Serving up the right digital content to the right person at the right time from a pool of published materials will be a challenging task for media outlets without the help of software that locates, accesses and delivers the piece that will interest the reader. A technology can be taught to analyse, categorise and align data the way a human does and take over from editors and journalists the drag of manually reviewing and indexing each piece of content. We have developed solutions that will enable media organisations to make its staff more efficient and tackle complex data classification, clustering and interlinking jobs.

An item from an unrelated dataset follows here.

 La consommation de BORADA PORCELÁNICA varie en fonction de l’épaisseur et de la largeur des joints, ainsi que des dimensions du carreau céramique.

Recommending related content
Studies show that most readers of web content are likely to click on links to related stories for more information. Publishers, trying to maximise their visibility and reach, offer related content but in most cases the selection of headlines is made by the editorial staff by hand. This cumbersome task takes a lot of time which can be spent in a more creative way once the organisation gets an intelligent engine that will automatically generate recommendations. When we have millions of documents, a technology will have no trouble finding articles of interest while a human will. On top of that, a technology is not biased - its choice will not be influenced by a particular mood or opinion but determined by statistics. Having automatically generated recommendations that match reader interest has a number of benefits. User engagement metrics improve considerably - readers browse more articles, stay on the website longer and the bounce rate drops. It leads to increased conversion and loyalty in the long run and last but not least to better SEO.
Named entity recognition
Named Entity Recognition (NER) finds mentions of entities such as persons, organisations, brands, locations, events, e-mails, etc, in large corpora of textual digital data. It is an important stage in information retrieval tasks. Extracting information from unstructured data is a staggering task, considering the complexity of natural languages.

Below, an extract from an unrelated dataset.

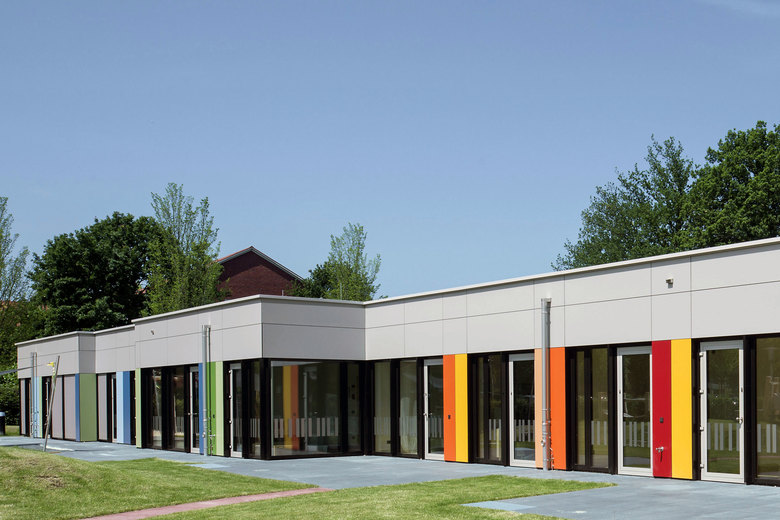 Die Gruppenräume mit den Nebenräumen sind nach Süden zur Freifläche gewandt.

How named entity recognition works? The first step is to train the model to recognise the entity in data set of manually labeled entities, because named entity terms can be ambiguous. Thus “Apple” is not likely to refer to the fruit in a text about corporate dealings but to Apple Inc. “Fannie Mae” looks like a person but will be marked as a type of organisation in the phrase “mortgage company Fannie Mae”.
The model learns fast to identify all textual mentions of the named entities from the pre-defined data set. The next stage is to supervise how well it does it and give it feedback so that it improves its capabilities. We provide a fast and user-friendly interface for the editors to correct the mistakes of the model. This allows us to guarantee the quality of our service and to meet industry standards!

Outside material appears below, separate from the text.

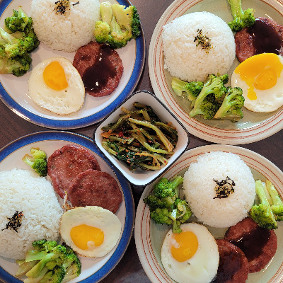 *떡갈비, 계란프라이, 브로콜리, 해물 플레이크

Using software to classify content instead of editorial staff, helps publishers deal with large volumes of articles fast and efficiently. What you need is a pre-defined taxonomy and some exampels of how this taxonomy will be used, which the algorithm will use for indexing articles. Then journalists will only give feedback to the machine whether it is doing fine. Training is necessary because the initial set of data may not cover well all the categories or may change in time, for example new topics have been added, so retraining is required.
We have created an automatic tagging system which can analyse the article and assign it to a given set of categories, for example, this story is about agriculture, that one should go to the sports section, etc. The service can be applied on large volumes of content to identify all the components and sort them based on a taxonomy created for the purpose. The Taxonomy Classifier developed by our team can evaluate an article and tag it to a set of categories to which it belongs, that is we offer a multitagger!
One of the advantages of having accurately tagged content is delivering better targeted advertising. Tagging can help online media match banners with user interest and monetise it with advertisers. For example, if a user is viewing articles about cars, it is quite natural for a car maker’s ad to pop up.